As Alexander Lerchner notes in "The Abstraction Fallacy":
"Therefore, expecting an algorithmic description to instantiate the quality it maps is like expecting the mathematical formula of gravity to physically exert weight. Believing AI can become conscious solely through the manipulation of internal variables is to commit the error of the 'blind spot' (Frank et al., 2025): mistaking the map for the territory."
That applies perfectly here. The generated code is the map. The engineer's understanding is the territory. Vibe coders build maps of places they have never been.

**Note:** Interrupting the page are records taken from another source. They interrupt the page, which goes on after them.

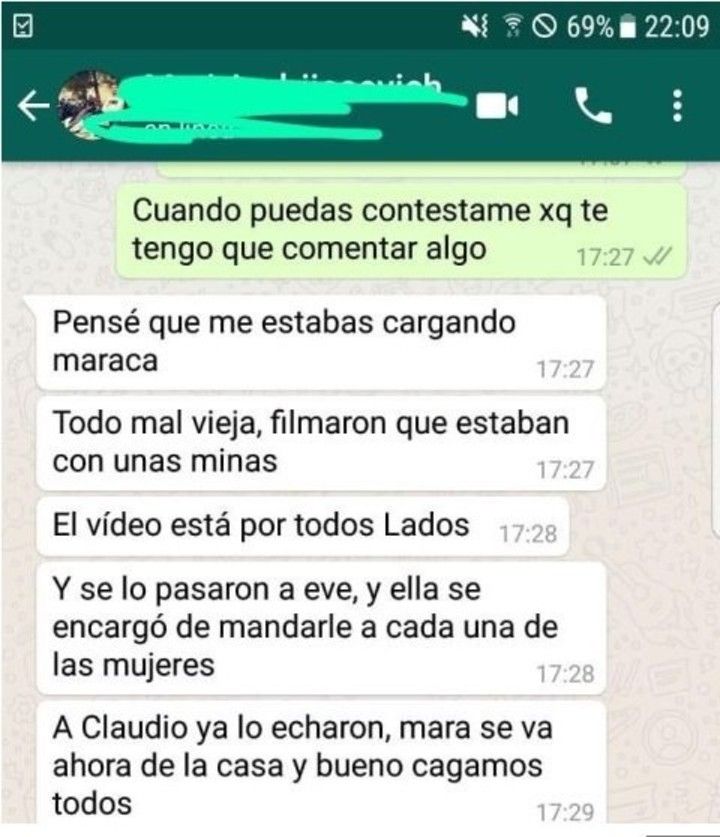 La primera mujer que se enteró le envió los videos a los que participaron de la fiesta y a sus respectivas esposas. "Anoche yo le envié el video a todos los chicos que tengo de contacto para que sepan que yo ya sabía que estaban haciendo", contó la mujer en un audio que también se viralizó.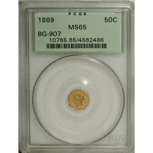 <B>1869 50C Liberty Octagonal 50 Cents, BG-907, Low R5, MS65 PCGS.</B></I> Well struck except for the D in DOLLAR, and the deep apricot patina further increases the eye appeal. The obverse exergue has a lamination of mint origin. Housed in a green label holder. Population: 11 in 65, 8 finer (3/07).<BR><BR><b>Shipping:</b> Coins & Currency (<a target="_blank" href="http://www.heritageauctions.com/common/shipping.php">view shipping information</a>)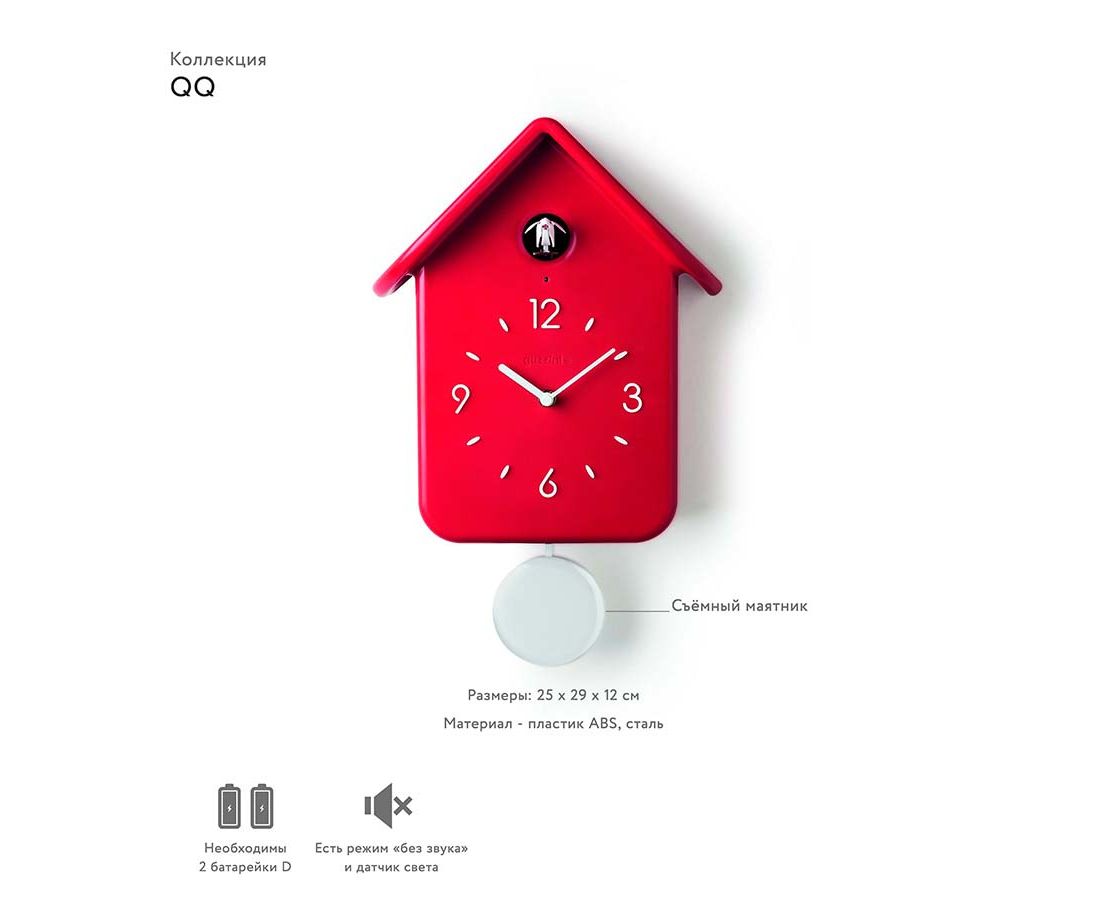 Часы с кукушкой QQ, красные, Guzzini
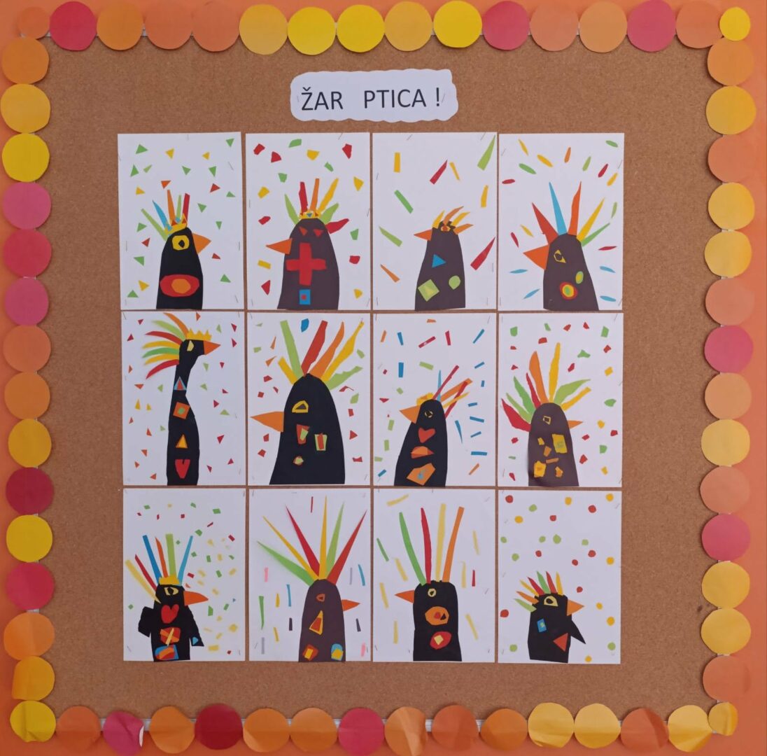 Učenici prvoga razreda sa učiteljicom Draganom Macura čitali su priču iz usmene narodne predaje “Žar ptica” kao poticaj za likovnu aktivnost. Kroz priču dobili su ideje za oblik i kretanje ptice, a zatim su ih prenijeli u likovni rad tehnikom kolaža. Učili su kako rezati, slagati i lijepiti različite oblike papira te stvarati ritam ponavljanjem elemenata.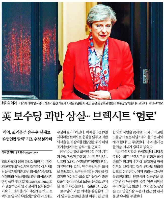 세계는 "보수당이 과반 의석을 상실함에 따라 영국은 2010년 총선 이후 7년 만에 헝 의회 국면을 맞게 됐다"며 "제러미 코빈 노동당 대표는 이날 “메이 총리는 사퇴해야 한다”고 주장했다. 메이 총리는 물러날 의사가 없다고 밝혔다"고 했다.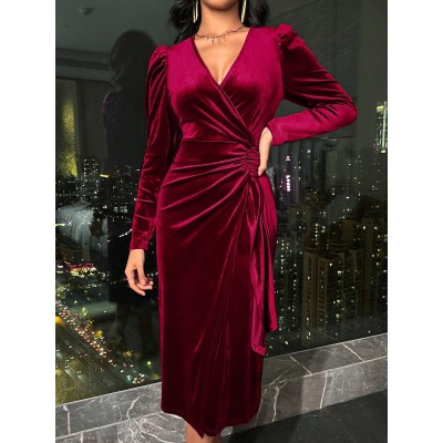 Lunessa Autumn Elegant Velvet Wrap Dress Maxi Women Outfit Fall Cloth For Women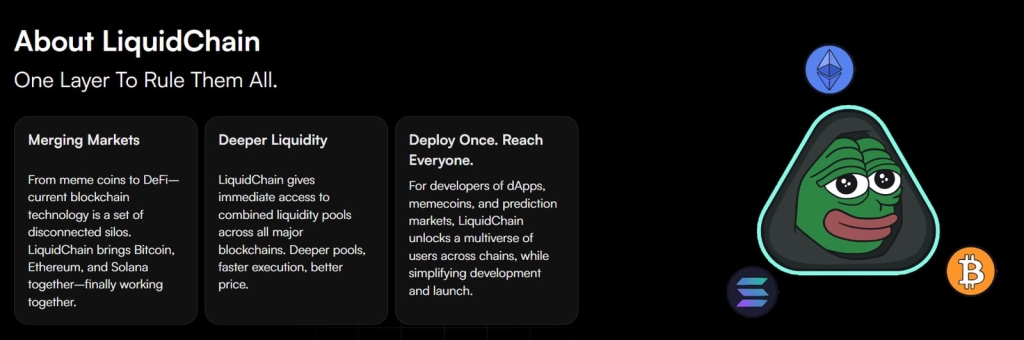 LiquidChain is building a unified execution layer that bridges Bitcoin, Ethereum, and Solana — the three largest blockchain ecosystems — using ZK-rollup technology. The project promises sub-second block times, near-zero gas fees, and the security of underlying Layer-1 and Layer-2 networks. Its architecture is tailored for decentralized finance (DeFi) and gaming applications that require high throughput and low latency.
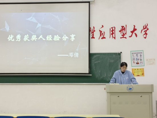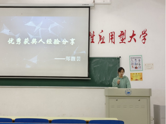 会上,创新创业实践部负责人向同学们讲述了"互联网+"大赛的历史,就互联网大赛的参赛类型和流程展开了叙述,讲解了相应的格式和要求。随后大赛优秀获奖人郑馥芸、邓倩分别分享了自己的参赛经验,强调了优秀参赛作品需具备创新性和可行性,表达了认真态度的重要性。会上同学们聚精会神,认真聆听,积极记录知识要点。

My core stance is this: understand your code or suffer. Relying on AI without comprehending the generated output inevitably leads to security vulnerabilities and bugs. AI must be treated as a tool, never a replacement for fundamental engineering knowledge.
I stand firmly against vibe coding. Relying on AI to generate code without careful verification is a trap because AI can produce incorrect logic for even the simplest tasks. Trusting it blindly is a recipe for disaster.
View AI for what it truly is: a sophisticated autocomplete. It accelerates coding, but it does not replace human creativity or problem-solving. Developers must always guide and correct it, especially when dealing with complex systems.
To be clear, I am not anti-AI. I am anti-incompetence. Using AI as a shortcut to bypass learning the fundamentals is a disservice to the craft. We risk breeding a generation of incompetent programmers who simply cannot function without an AI assistant.
Looking ahead, AI will not totally replace developers in the near future. However, it will absolutely lead to significant losses for those who fail to adapt and learn how to use it effectively.
The conclusion I repeatedly reach is this. Artificial intelligence should elevate the standard of engineering, not diminish it. It should amplify the capabilities of proficient developers, not transform poor practices into product strategy. When applied correctly, it is leverage. When applied poorly, it merely produces substandard output at scale.
The objective is never to abstain from tools. It is to master your craft so completely that the tool serves your judgment, not the other way around. If the industry continues to reward syntactic output over deep comprehension, we will not build better software. We will simply drown in an abundance of garbage that no one can fully trust, maintain, or claim ownership of.